Bronchiolitis is an infection of the respiratory tract that particularly affects the smallest airways in the lungs. These tiny passages, called bronchioles, swell and become filled with mucus during a bronchiolitis infection. This inflammation makes it harder for air to pass through, leading to breathing difficulties, coughing, and wheezing.

The condition is most commonly triggered by viral infections. Respiratory syncytial virus (RSV) is the primary culprit, though other viruses like influenza, parainfluenza, rhinovirus, and human metapneumovirus can also cause bronchiolitis. Because these are viral infections, antibiotics are not effective in treating the condition unless a secondary bacterial infection develops.

Bronchiolitis is the most common reason babies are admitted to the hospital, with approximately 100,000 infants requiring advanced care each year. However, it’s important to note that most cases are mild and can be managed successfully at home without hospitalization.

Recognizing the Symptoms

Bronchiolitis typically begins like a common cold. Initial symptoms may appear similar to what you’d expect from any upper respiratory infection, which is why many parents don’t immediately realize their baby has bronchiolitis.

Early Symptoms

The condition usually starts with general cold symptoms including:

  • Stuffy or runny nose
  • Mild cough
  • Fever (which may vary in severity)
  • Decreased appetite
  • Fatigue or letharness

Worsening Symptoms

After 1 to 5 days, symptoms typically worsen as the infection moves into the lower respiratory tract. You may notice:

  • Increased cough that becomes more persistent
  • Rapid or labored breathing
  • Wheezing or crackling sounds when breathing
  • Chest retractions (skin pulling in around ribs and neck during breathing)
  • Difficulty feeding due to breathing difficulties
  • Signs of dehydration
  • General irritability or fussiness

The cough associated with bronchiolitis can be particularly bothersome, and while it typically resolves within 2 to 3 weeks, it may linger even after other symptoms improve.

Which Infants Are at Highest Risk?

While bronchiolitis can affect any infant under age 2, certain babies face a higher risk of developing the condition or experiencing more severe symptoms.

Age and Risk

Babies between 3 and 6 months old are at the highest risk for bronchiolitis. This is because their airways are smaller and more easily blocked by mucus compared to older children and adults. Additionally, their immune systems are still developing, making them more vulnerable to viral infections.

Other Risk Factors

Your baby may be at increased risk if they have:

  • Premature birth (born before 37 weeks gestation)
  • Chronic lung disease or congenital heart disease
  • Immunodeficiency conditions
  • Neuromuscular disorders
  • Limited breastfeeding history (fewer than 2 months of breastfeeding)
  • Exposure to secondhand smoke
  • Older siblings in daycare or school who are frequently exposed to viruses
  • Attendance at daycare during RSV season

Infants younger than 3 months old also require special attention, as they are more vulnerable to severe infections. If your baby falls into any of these higher-risk categories, it’s important to discuss preventive measures and monitoring strategies with your pediatrician.

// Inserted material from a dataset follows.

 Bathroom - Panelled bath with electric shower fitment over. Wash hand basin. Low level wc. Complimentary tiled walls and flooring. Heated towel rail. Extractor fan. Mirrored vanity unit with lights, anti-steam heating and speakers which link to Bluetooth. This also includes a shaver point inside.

When to Contact Your Pediatrician

Most cases of bronchiolitis resolve on their own within 1 to 3 weeks, but there are specific signs that warrant a call to your doctor.

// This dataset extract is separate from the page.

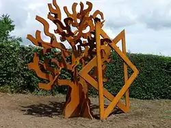 In September 1952, the Union of Jewish Communities of Yugoslavia unveiled five monuments to the victims of the Holocaust in Belgrade, Zagreb, Sarajevo, Novi Sad and Đakovo.[38] Following Croatia's independence from Yugoslavia, the site of the former camp was turned into a gas station.[39] A commemorative ceremony is held at the site every year on the first Sunday in June. The commemoration also encompasses the nearby cemetery in which the camp detainees who died were buried. The cemetery is unique in that it is the only burial site in Europe where victims of the Holocaust were interred under their first and last names and not merely their inmate number.[40] There are 569 camp victims buried in the cemetery.[26] On this basis, the historians Jens Hoppe and Alexander Korb have concluded that the camp's mortality rate amounted to nearly 19 percent.[19] In June 2013, a sculpture titled Peace in Heaven, by Croatian-born Israeli sculptor Dina Merhav, was unveiled in Đakovo to commemorate those who were interned at the camp.[41]

Red Flags Requiring Medical Attention

Contact your pediatrician if your baby experiences:

  • Fever lasting 2 to 3 days or higher than 102°F (38.8°C); babies under 3 months should be evaluated for any fever above 100.4°F (38°C)
  • Cough lasting more than 1 week
  • Difficulty breathing or rapid breathing that doesn’t improve
  • Wheezing that worsens or doesn’t respond to home care
  • Severe chest retractions (skin pulling in significantly around ribs and neck)
  • Inability to drink fluids or signs of dehydration (fewer wet diapers, dry mouth, crying without tears)
  • Letharness or difficulty waking
  • Blue or pale lips or fingernails
  • Symptoms that persist or worsen after 1 week

When to Seek Immediate Care

Go to the emergency room or call 911 if your baby shows signs of severe respiratory distress, including extreme difficulty breathing, severe retractions, or any signs of oxygen deprivation such as bluish skin or lips.

Possible Complications

While most cases of bronchiolitis are mild, serious complications can develop, particularly in high-risk infants.

Pneumonia

One of the most common complications is pneumonia, an infection that develops when fluid and pus fill the alveoli (air sacs) in the lungs. Signs of pneumonia include rapid breathing and chest retractions. If you suspect your baby has developed pneumonia, seek medical attention promptly, as antibiotic treatment may be necessary.

Dehydration

Dehydration is another significant concern. When babies have difficulty breathing, they may struggle to drink adequately. Signs of dehydration include fewer wet diapers, dry mouth, crying without tears, and unusual letharness or irritability.

Severe Respiratory Distress

In rare cases, particularly in very young infants or those with underlying conditions, bronchiolitis can progress to severe respiratory distress requiring hospitalization and oxygen therapy or mechanical ventilation.

Treating Bronchiolitis at Home

Most cases of bronchiolitis respond well to supportive home care. The goal is to keep your baby comfortable while their body fights the viral infection.

Hydration and Nutrition

Maintaining proper hydration is crucial. Offer your baby frequent, small amounts of fluids including:

  • Breast milk (if breastfeeding)
  • Formula (if bottle-feeding)
  • Age-appropriate electrolyte solutions (if recommended by your pediatrician)
  • Small amounts of water (if your baby is over 6 months old)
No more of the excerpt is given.